## TASK BRIEF
Where the data below begins, start duplicating lines exactly, and finish with the line containing "Na noite do"; add nothing else. Leave the pictures out.

[EXERCISE INPUT Boundary: Start]

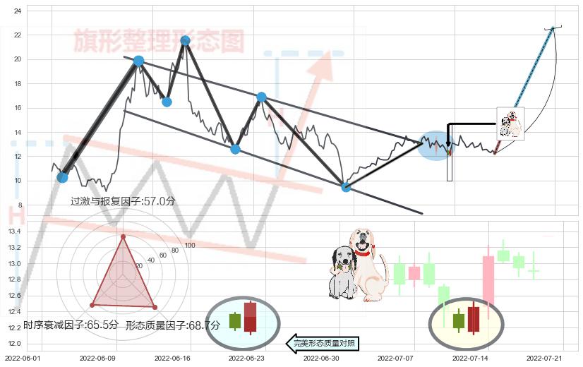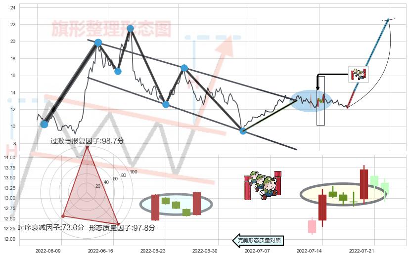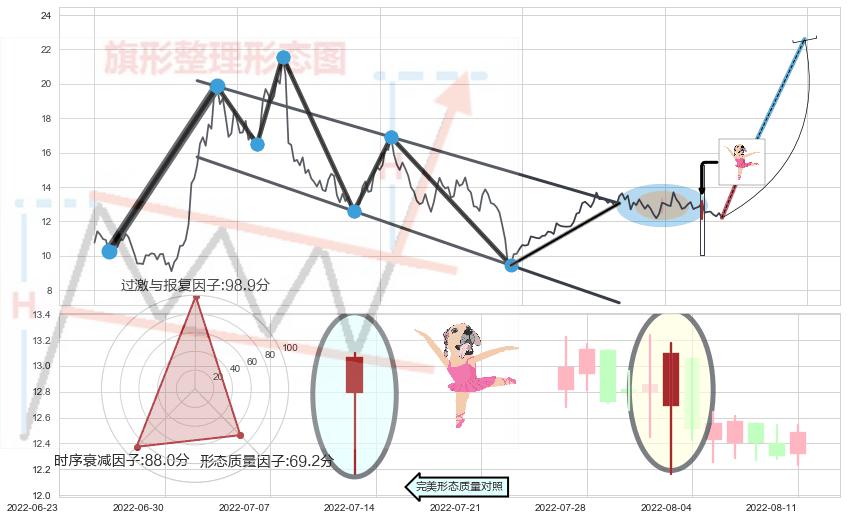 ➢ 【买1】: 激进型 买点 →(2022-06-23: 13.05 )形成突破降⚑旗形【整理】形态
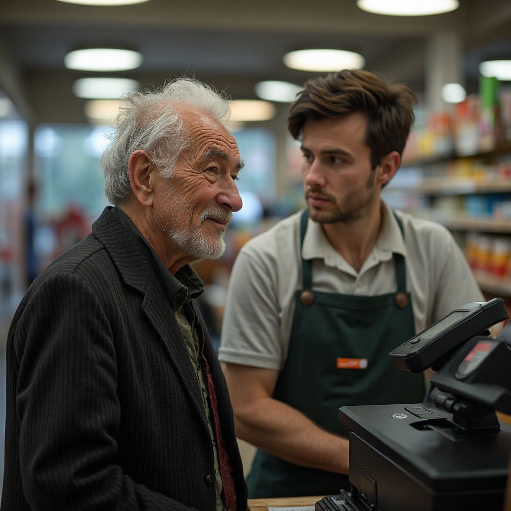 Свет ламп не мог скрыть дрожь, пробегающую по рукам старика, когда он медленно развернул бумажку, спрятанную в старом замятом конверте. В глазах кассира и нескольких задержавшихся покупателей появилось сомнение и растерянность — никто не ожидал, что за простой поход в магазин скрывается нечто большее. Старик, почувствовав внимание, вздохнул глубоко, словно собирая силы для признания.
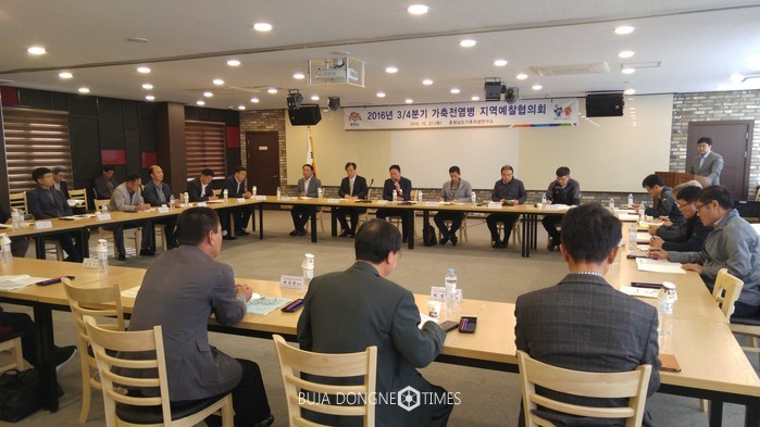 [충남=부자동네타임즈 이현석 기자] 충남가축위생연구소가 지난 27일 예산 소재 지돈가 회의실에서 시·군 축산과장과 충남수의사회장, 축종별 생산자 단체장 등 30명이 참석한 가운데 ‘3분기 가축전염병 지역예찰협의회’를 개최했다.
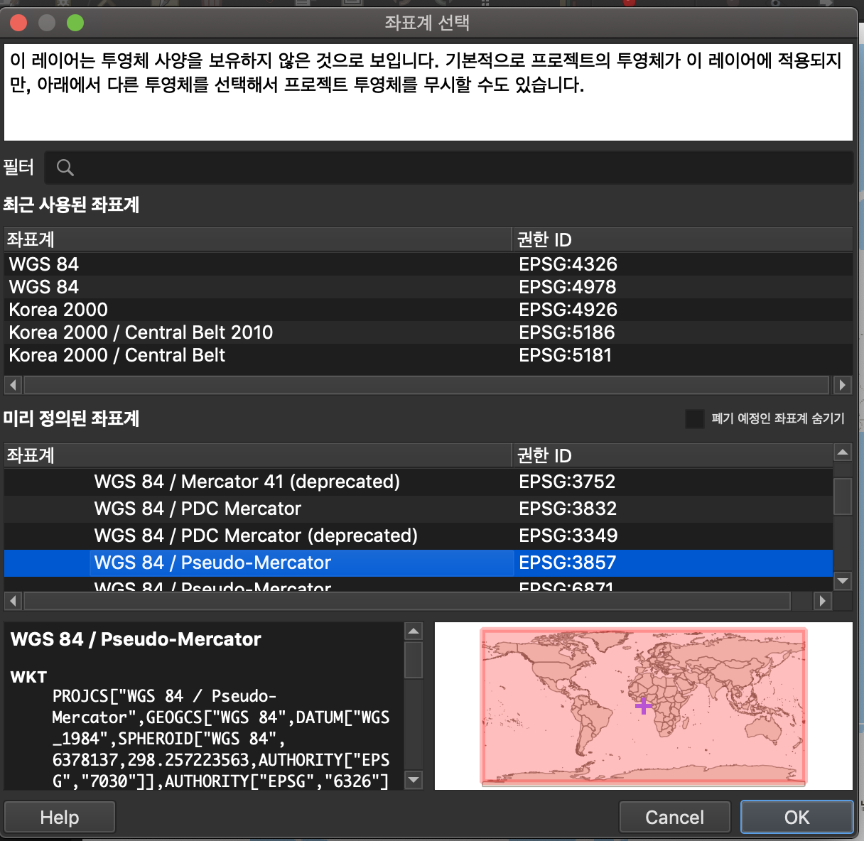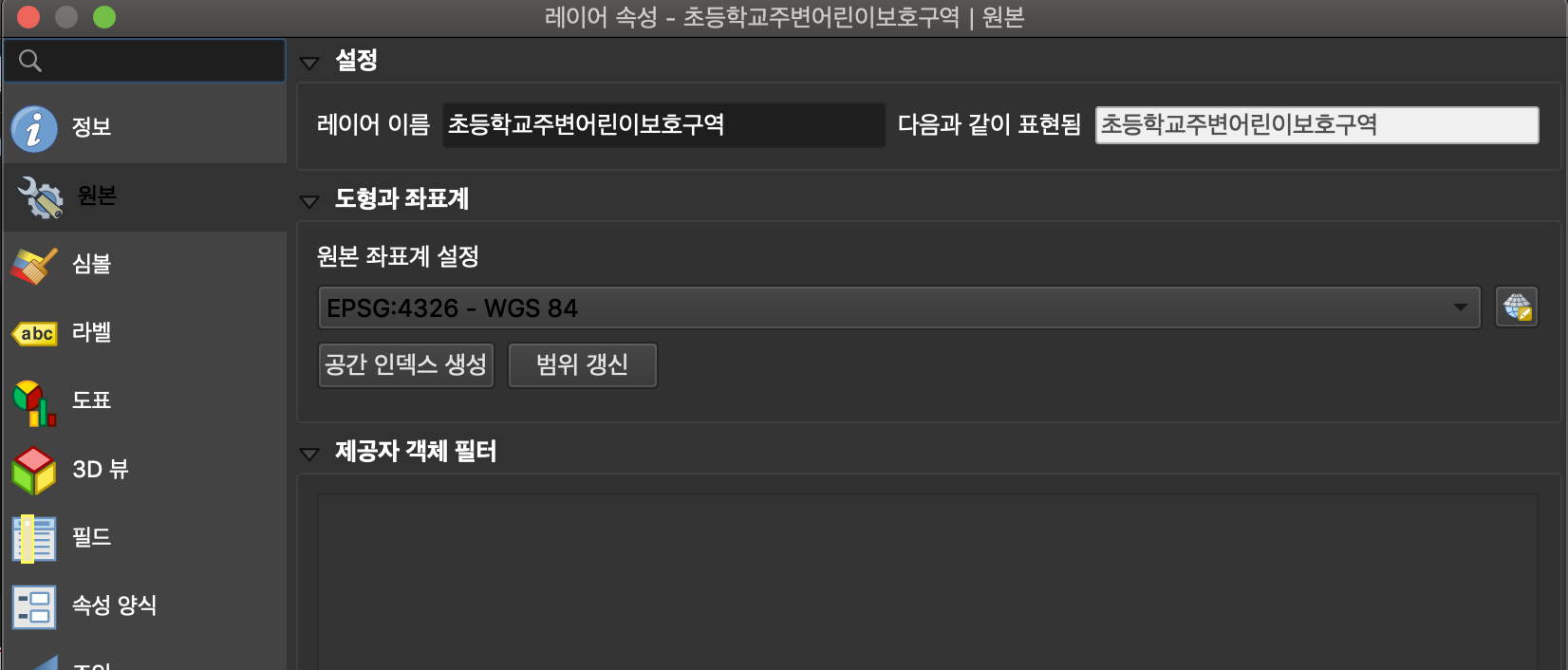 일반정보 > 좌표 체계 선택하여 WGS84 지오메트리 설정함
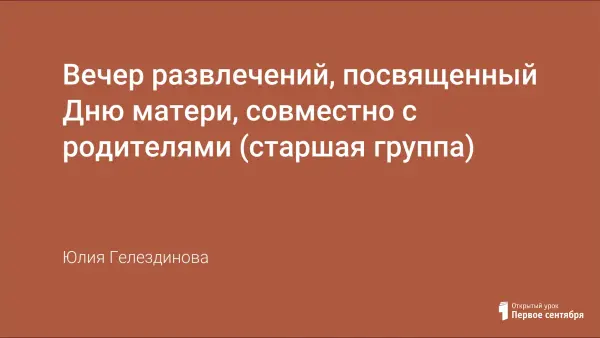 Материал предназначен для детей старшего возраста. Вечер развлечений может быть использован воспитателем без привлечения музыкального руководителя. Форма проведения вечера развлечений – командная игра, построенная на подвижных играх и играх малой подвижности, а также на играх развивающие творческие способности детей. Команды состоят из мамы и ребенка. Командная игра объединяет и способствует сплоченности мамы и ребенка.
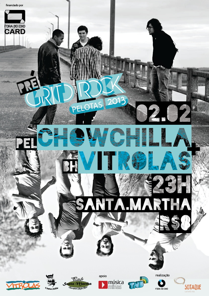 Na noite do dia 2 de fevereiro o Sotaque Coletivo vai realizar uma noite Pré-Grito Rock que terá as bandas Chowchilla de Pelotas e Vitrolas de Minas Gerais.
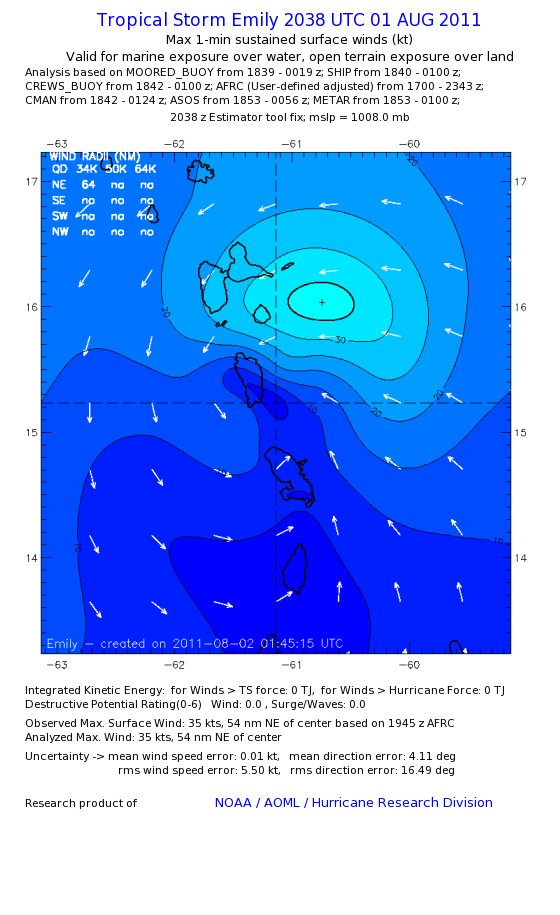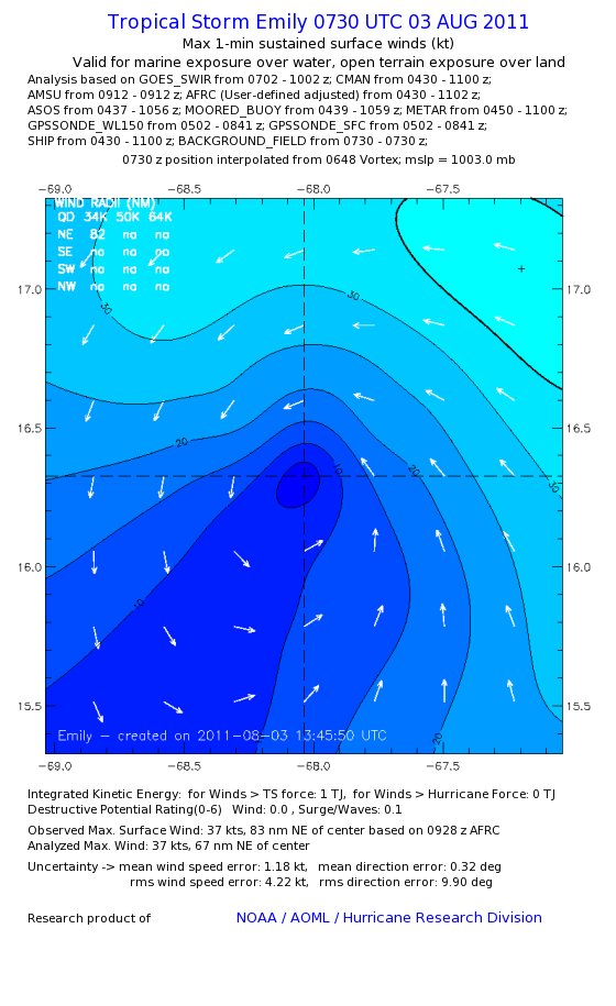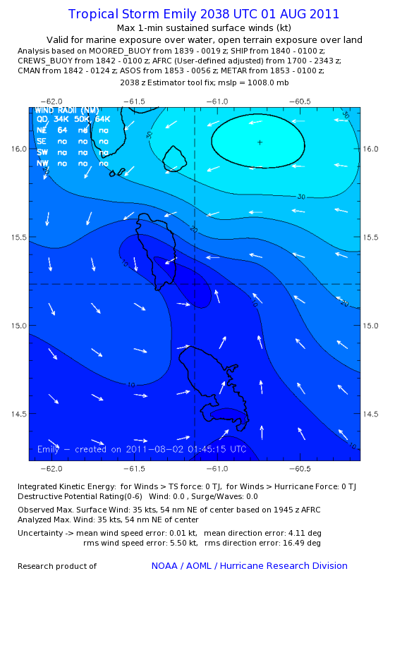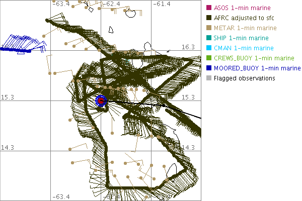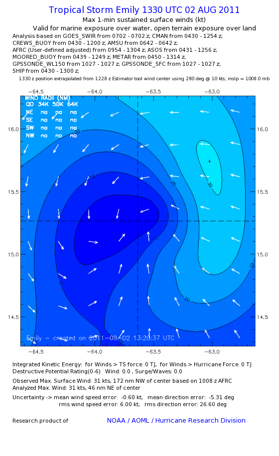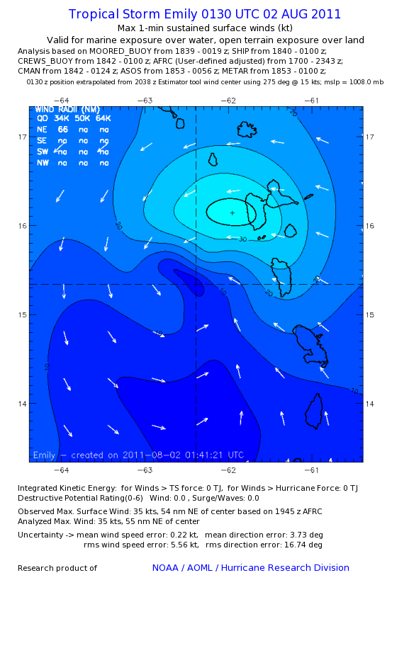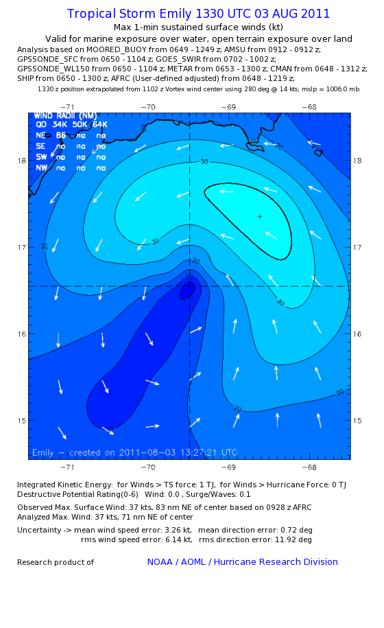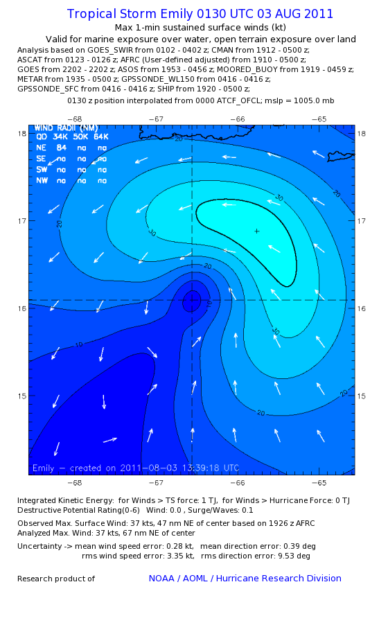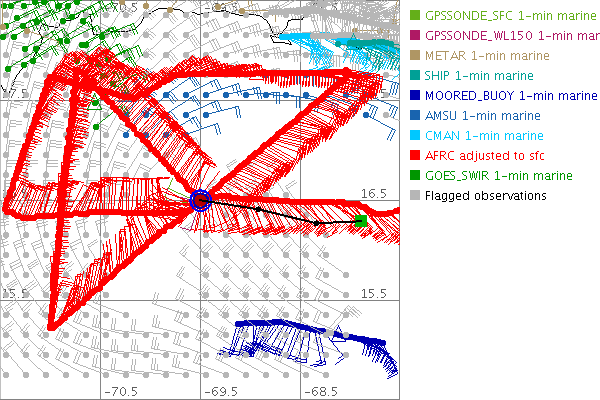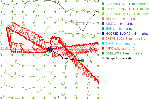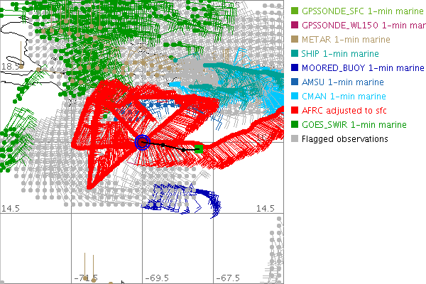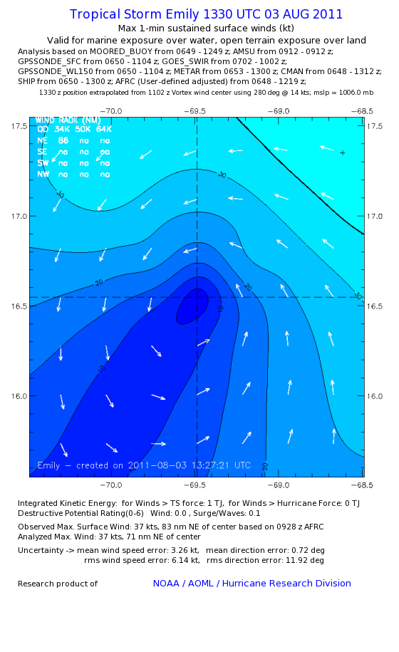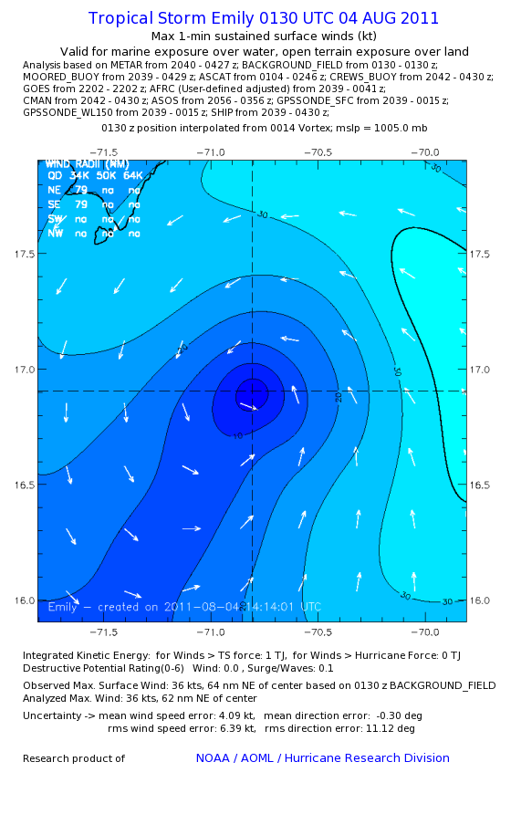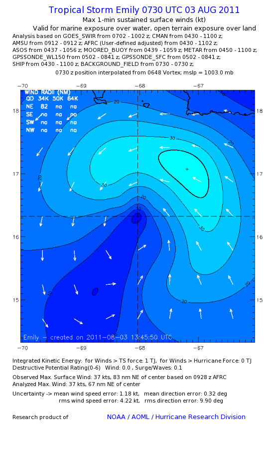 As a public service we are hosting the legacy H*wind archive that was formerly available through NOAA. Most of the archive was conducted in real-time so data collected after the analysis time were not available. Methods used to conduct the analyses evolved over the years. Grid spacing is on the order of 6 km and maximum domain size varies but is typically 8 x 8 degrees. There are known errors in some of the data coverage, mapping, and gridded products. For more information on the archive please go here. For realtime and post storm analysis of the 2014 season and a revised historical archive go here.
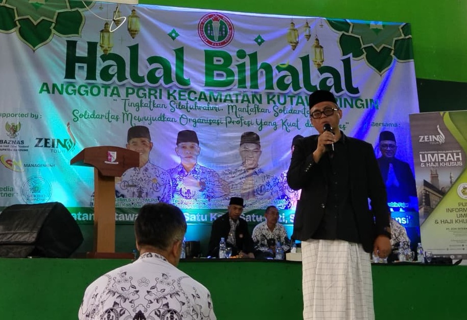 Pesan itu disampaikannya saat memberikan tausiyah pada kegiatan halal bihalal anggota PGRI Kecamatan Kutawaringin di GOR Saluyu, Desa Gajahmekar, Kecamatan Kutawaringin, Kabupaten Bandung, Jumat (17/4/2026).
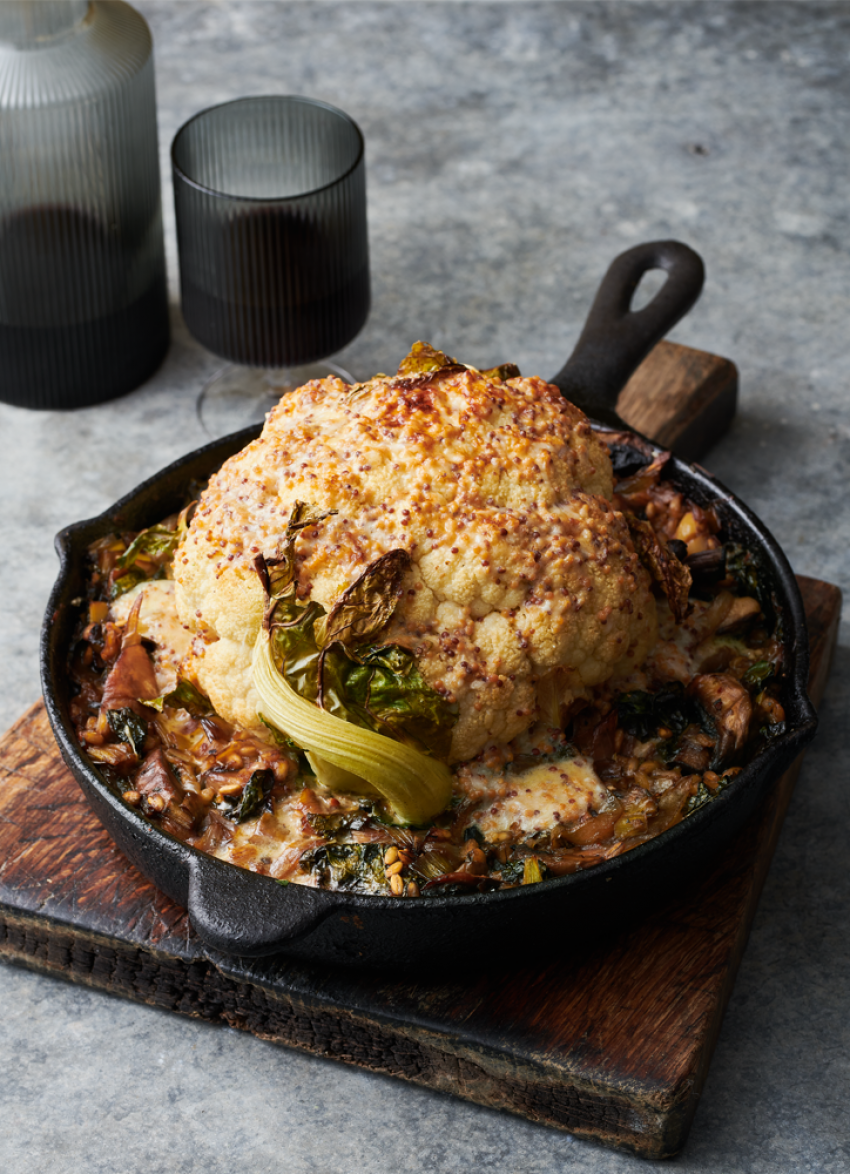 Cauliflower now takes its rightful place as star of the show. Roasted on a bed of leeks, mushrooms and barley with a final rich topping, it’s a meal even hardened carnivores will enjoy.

[EXERCISE INPUT Boundary: End]

## RESULT OF THE TASK
 ➢ 【买1】: 激进型 买点 →(2022-06-23: 13.05 )形成突破降⚑旗形【整理】形态
 Свет ламп не мог скрыть дрожь, пробегающую по рукам старика, когда он медленно развернул бумажку, спрятанную в старом замятом конверте. В глазах кассира и нескольких задержавшихся покупателей появилось сомнение и растерянность — никто не ожидал, что за простой поход в магазин скрывается нечто большее. Старик, почувствовав внимание, вздохнул глубоко, словно собирая силы для признания.
 [충남=부자동네타임즈 이현석 기자] 충남가축위생연구소가 지난 27일 예산 소재 지돈가 회의실에서 시·군 축산과장과 충남수의사회장, 축종별 생산자 단체장 등 30명이 참석한 가운데 ‘3분기 가축전염병 지역예찰협의회’를 개최했다.
 일반정보 > 좌표 체계 선택하여 WGS84 지오메트리 설정함
 Материал предназначен для детей старшего возраста. Вечер развлечений может быть использован воспитателем без привлечения музыкального руководителя. Форма проведения вечера развлечений – командная игра, построенная на подвижных играх и играх малой подвижности, а также на играх развивающие творческие способности детей. Команды состоят из мамы и ребенка. Командная игра объединяет и способствует сплоченности мамы и ребенка.
 Na noite do dia 2 de fevereiro o Sotaque Coletivo vai realizar uma noite Pré-Grito Rock que terá as bandas Chowchilla de Pelotas e Vitrolas de Minas Gerais.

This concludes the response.